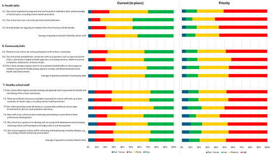 Concerning the questions related to the schools’ social environment, in nearly 50% of the cases, the majority of points were reported to be fully in place. Similarly, in terms of priority, all points were considered high priority in more than 50% of the cases (Figure 2).
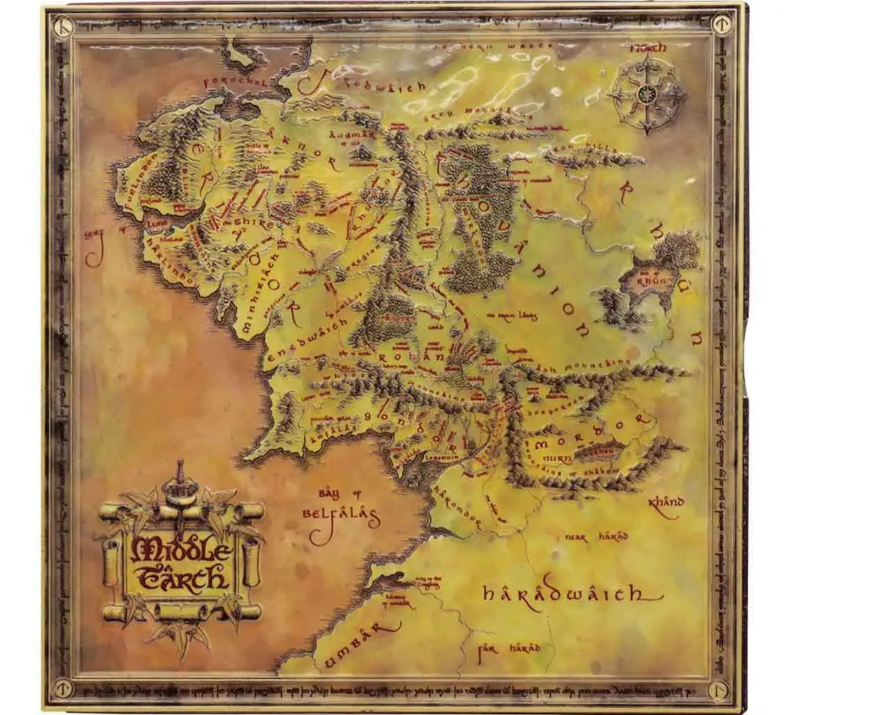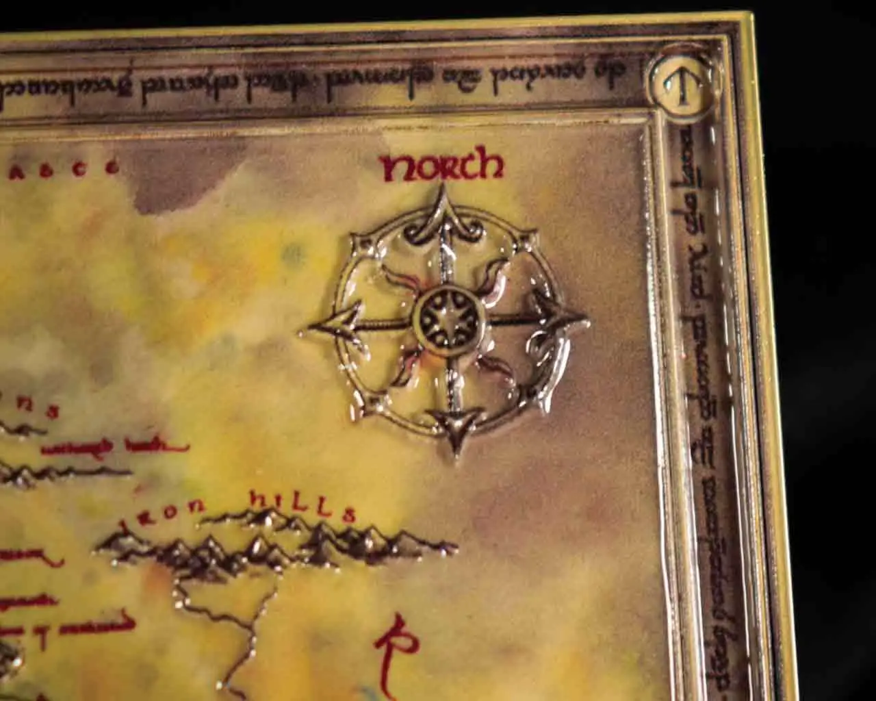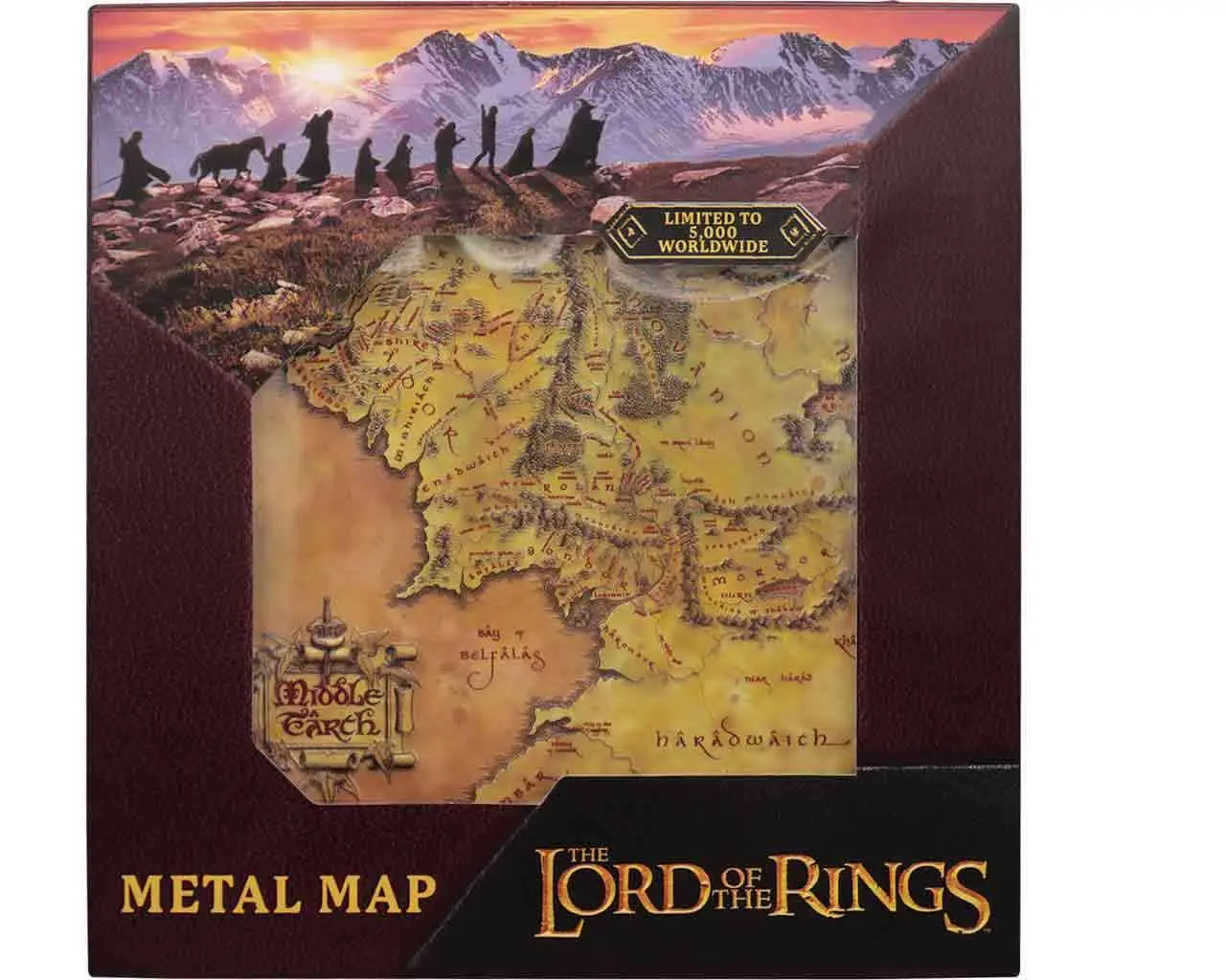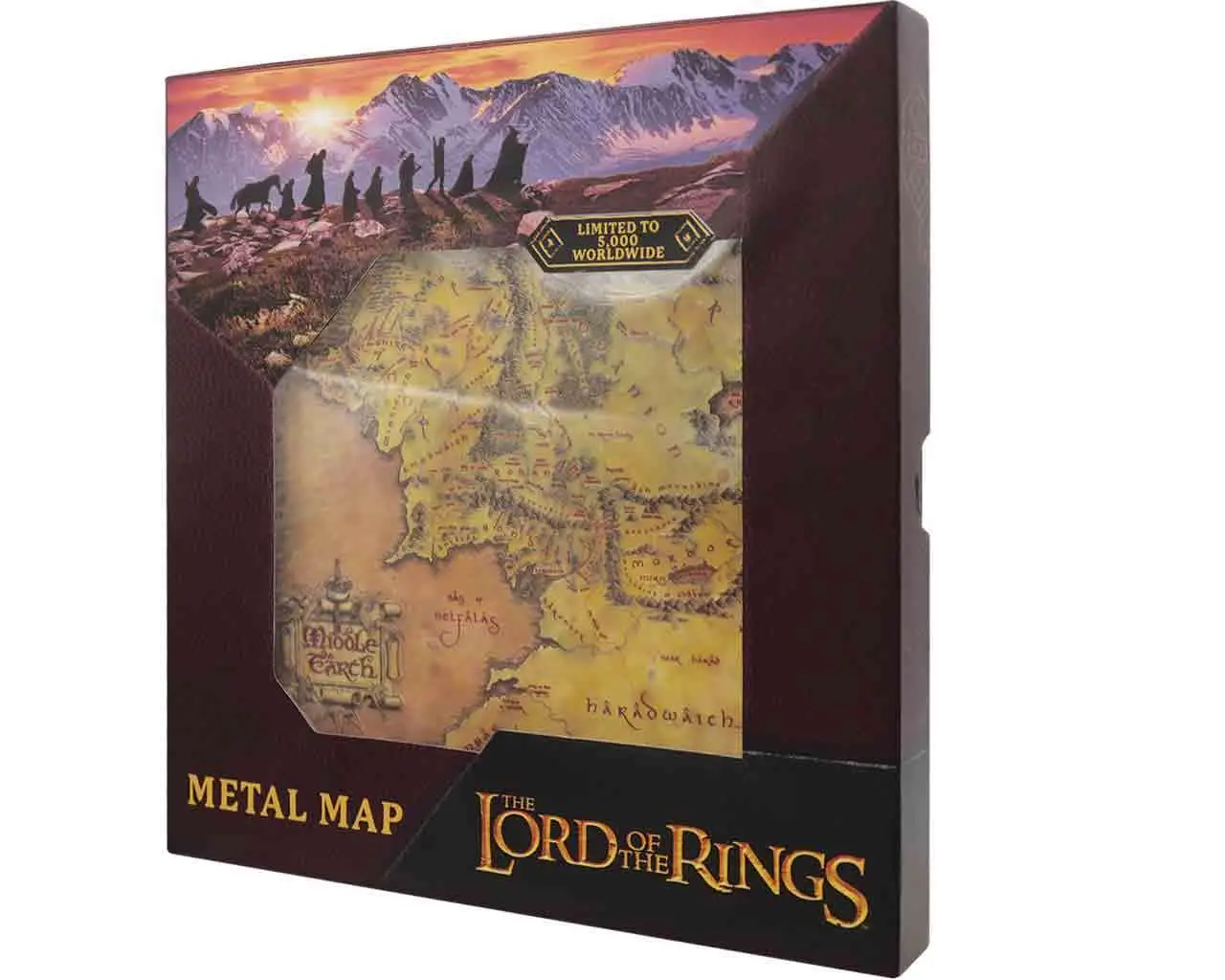 Follow the Fellowship and embark on an epic journey across Middle-earth! Measuring 15 x 15 cm, this heavily engraved metal map captures the lush pastures of the Shire and details the treacherous terrain of Mordor.
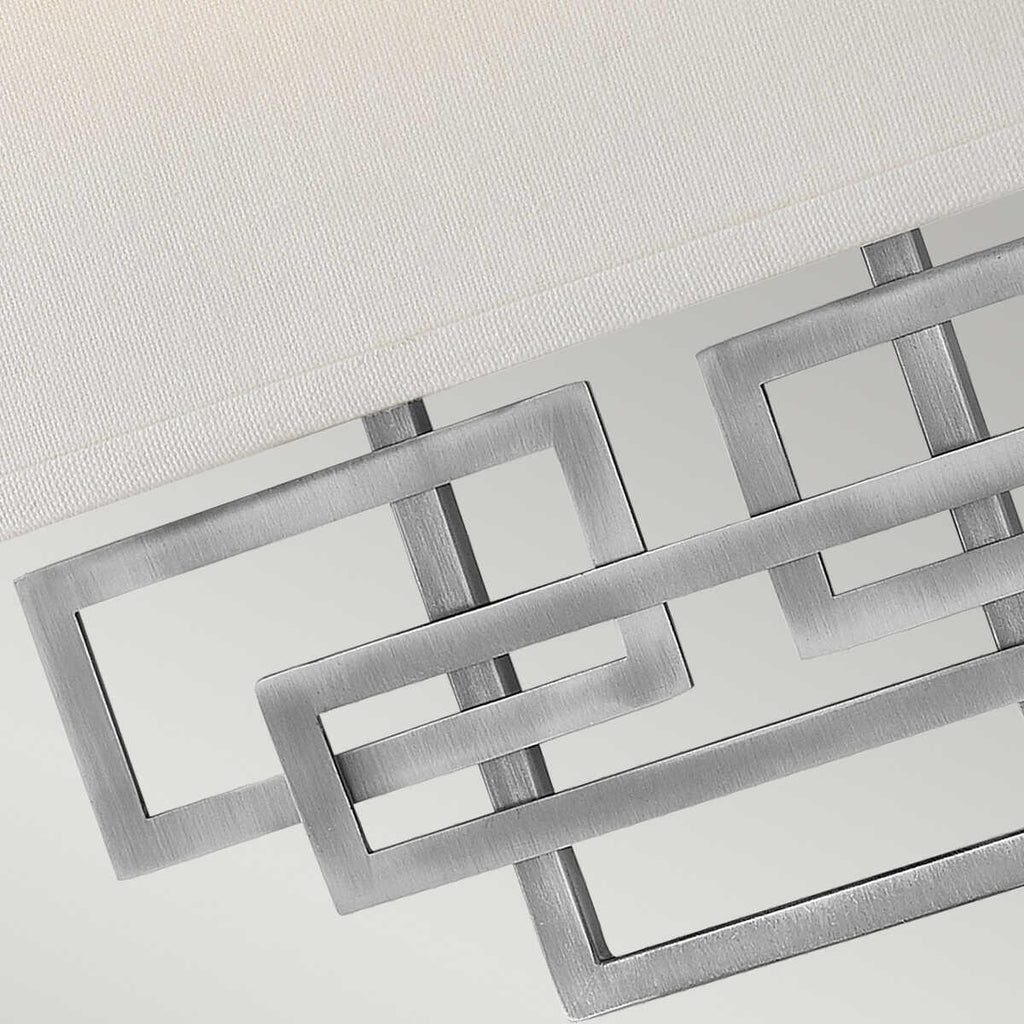Elevate the ambiance of your living room or bedroom with this sophisticated Hinkley Lanza 2 Light Nickel Wall Light, featuring a sleek geometric design that seamlessly blends modern elegance with timeless appeal. The brushed nickel finish adds a touch of contemporary flair, while the rectangular fabric shade softly diffuses light, creating a warm and inviting atmosphere. Designed to accommodate LED lamp bulbs, this Hinkley Lanza 2 Light Nickel Wall Light not only enhances your space with its stylish presence but also offers energy-efficient illumination. Perfect for adding a touch of refinement to any interior, this fixture is a versatile addition to your home decor.
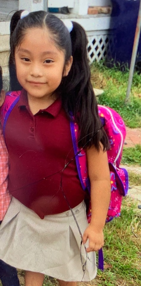 5 YEAR OLD FEMALE GOES BY DULCE MARIA ALAVEZ LAST SEEN WEARING BROWN PANTS WITH FLOWERS AND BUTTERFLIES, PINK COLORED SHIRT WITH LONG SLEEVES AND WHITE DRESS SHOES. LAST SEEN IN BRIDGETON PARK AREA. IF YOU HAVE ANY INFORMATION PLEASE CONTACT 856 451-0033 AS SOON AS POSSIBLE
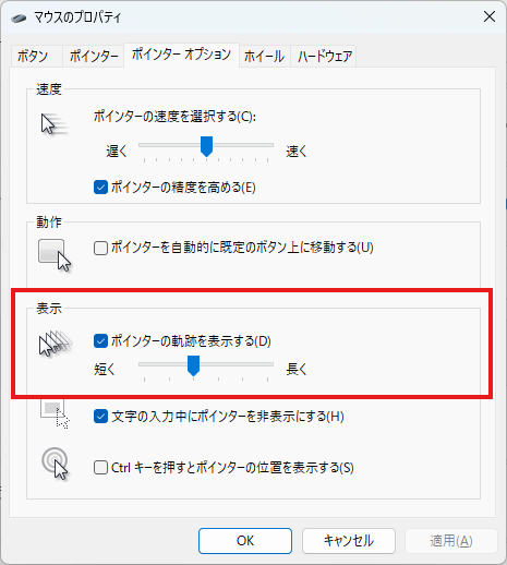 最近マウスの設定をいじった、最初から残像が残っていたみたいな場合は、シンプルにマウスの設定として表示されている可能性があります。
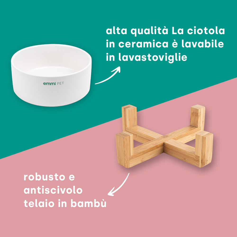 ciotola per acqua e cibo con telaio in bambù
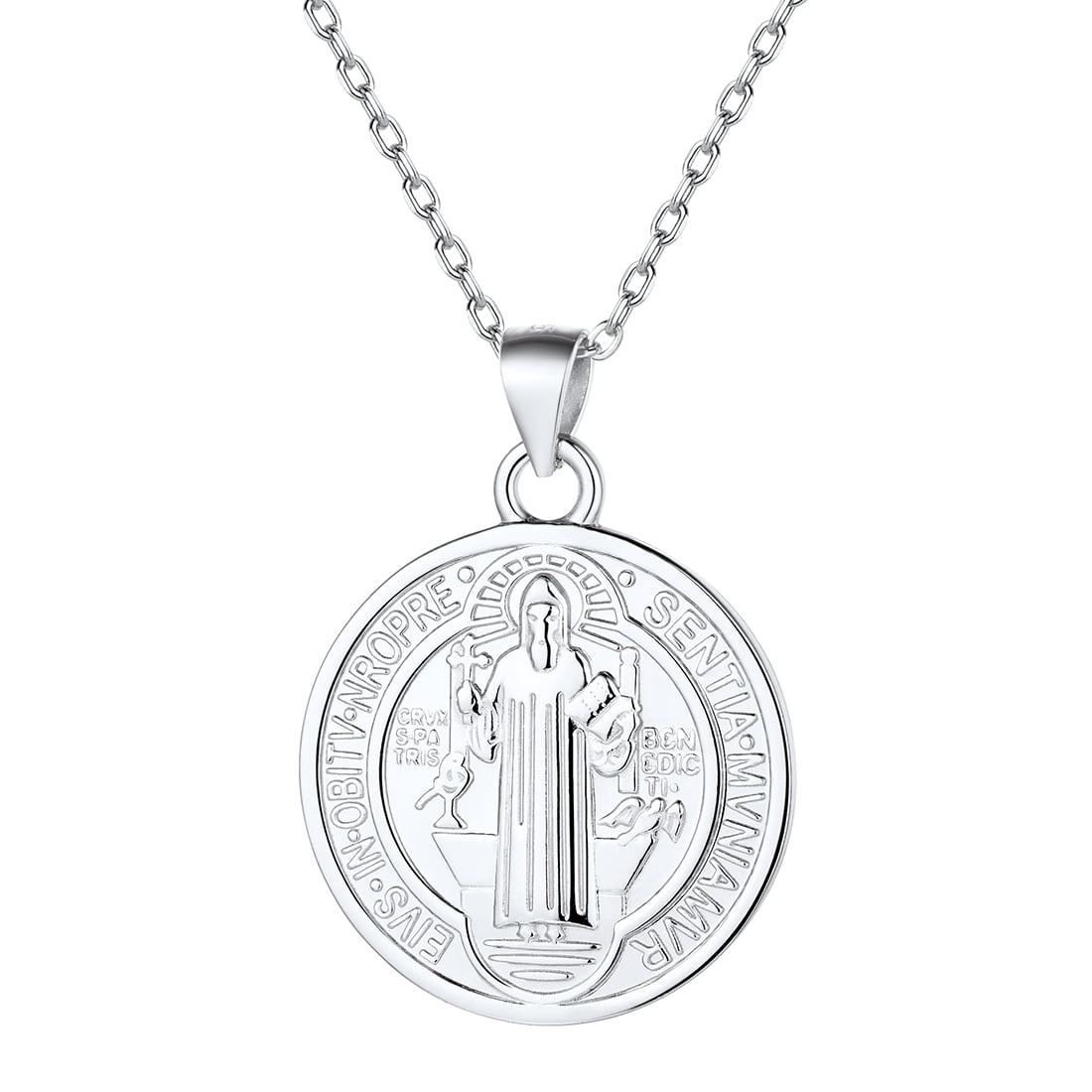 ChicSilver Saint Benedict Cross Necklace Round Coin Medallion Necklace 925 Sterling Silver
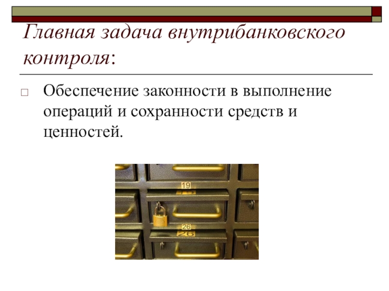 Слайд 10Главная задача внутрибанковского контроля:
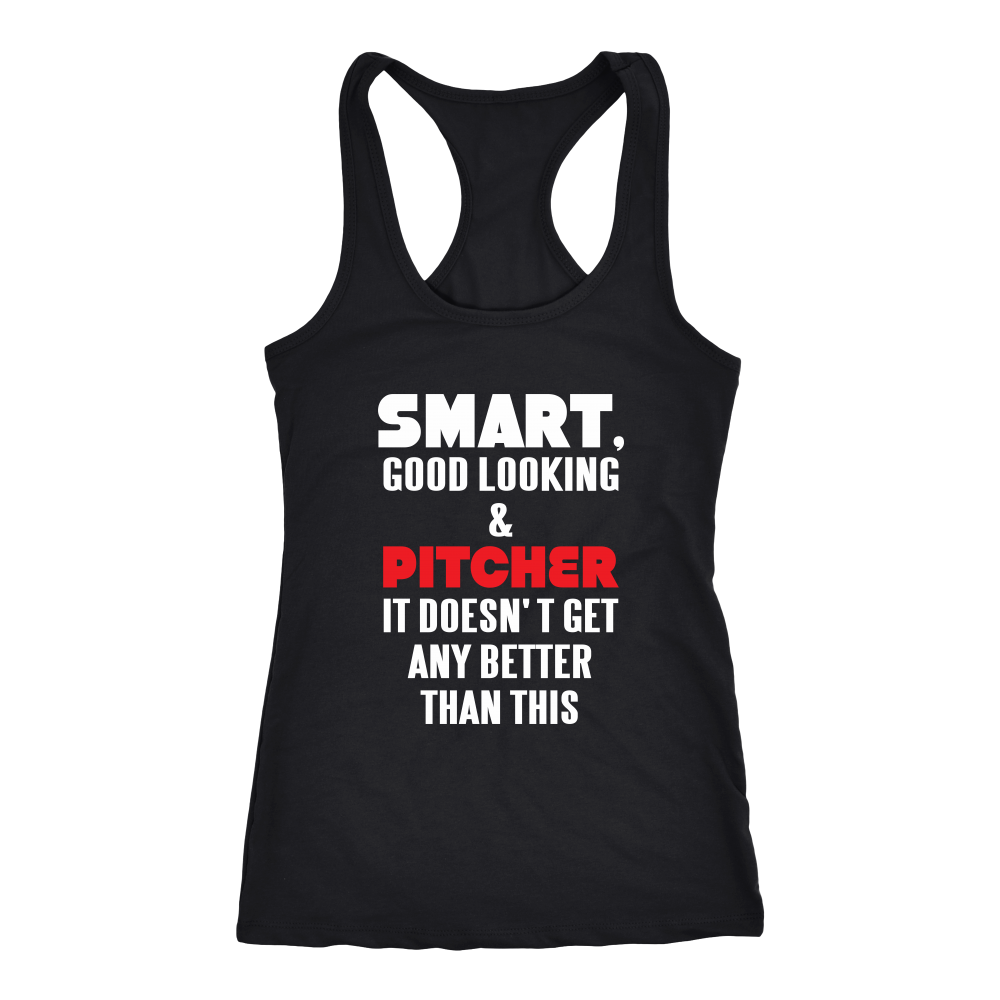 Buy awesome Pitcher clothing for the one you know, the one you love, the one you work with or the one with you are related to! Everyone is going to LOVE this high quality apparel! The quote on the item reads: Smart, good looking and Pitcher. It doesn't get any better than this
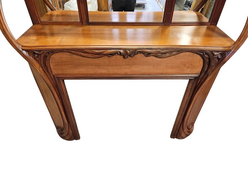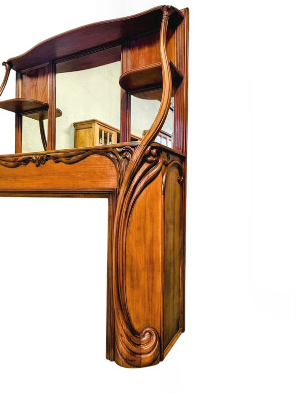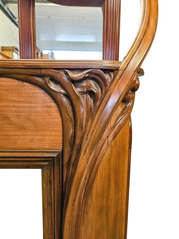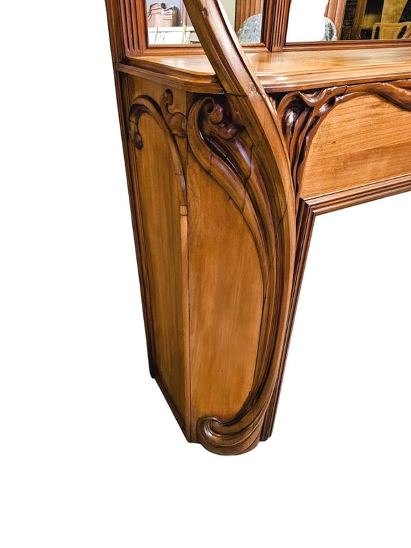 Exceptionnel manteau de cheminée en merisier massif mouluré et sculpté, à décor de moulurations d'inspirations végétales et de feuillages stylisés.
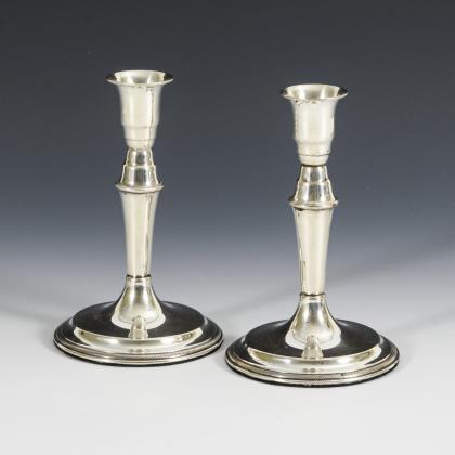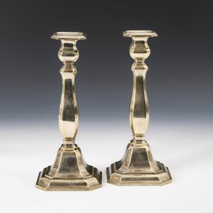 1-flammige Kerzenleuchter mit Balusterschaft und beschwertem, achteckigem Fuß. Silbergewicht je ca. 241 g

===============

◆ Task instructions: Restate each entry verbatim and skip every image.

◆ Exercise answer:
 Concerning the questions related to the schools’ social environment, in nearly 50% of the cases, the majority of points were reported to be fully in place. Similarly, in terms of priority, all points were considered high priority in more than 50% of the cases (Figure 2).
 Follow the Fellowship and embark on an epic journey across Middle-earth! Measuring 15 x 15 cm, this heavily engraved metal map captures the lush pastures of the Shire and details the treacherous terrain of Mordor.
Elevate the ambiance of your living room or bedroom with this sophisticated Hinkley Lanza 2 Light Nickel Wall Light, featuring a sleek geometric design that seamlessly blends modern elegance with timeless appeal. The brushed nickel finish adds a touch of contemporary flair, while the rectangular fabric shade softly diffuses light, creating a warm and inviting atmosphere. Designed to accommodate LED lamp bulbs, this Hinkley Lanza 2 Light Nickel Wall Light not only enhances your space with its stylish presence but also offers energy-efficient illumination. Perfect for adding a touch of refinement to any interior, this fixture is a versatile addition to your home decor.
 5 YEAR OLD FEMALE GOES BY DULCE MARIA ALAVEZ LAST SEEN WEARING BROWN PANTS WITH FLOWERS AND BUTTERFLIES, PINK COLORED SHIRT WITH LONG SLEEVES AND WHITE DRESS SHOES. LAST SEEN IN BRIDGETON PARK AREA. IF YOU HAVE ANY INFORMATION PLEASE CONTACT 856 451-0033 AS SOON AS POSSIBLE
 最近マウスの設定をいじった、最初から残像が残っていたみたいな場合は、シンプルにマウスの設定として表示されている可能性があります。
 ciotola per acqua e cibo con telaio in bambù
 ChicSilver Saint Benedict Cross Necklace Round Coin Medallion Necklace 925 Sterling Silver
 Слайд 10Главная задача внутрибанковского контроля:
 Buy awesome Pitcher clothing for the one you know, the one you love, the one you work with or the one with you are related to! Everyone is going to LOVE this high quality apparel! The quote on the item reads: Smart, good looking and Pitcher. It doesn't get any better than this
 Exceptionnel manteau de cheminée en merisier massif mouluré et sculpté, à décor de moulurations d'inspirations végétales et de feuillages stylisés.
 1-flammige Kerzenleuchter mit Balusterschaft und beschwertem, achteckigem Fuß. Silbergewicht je ca. 241 g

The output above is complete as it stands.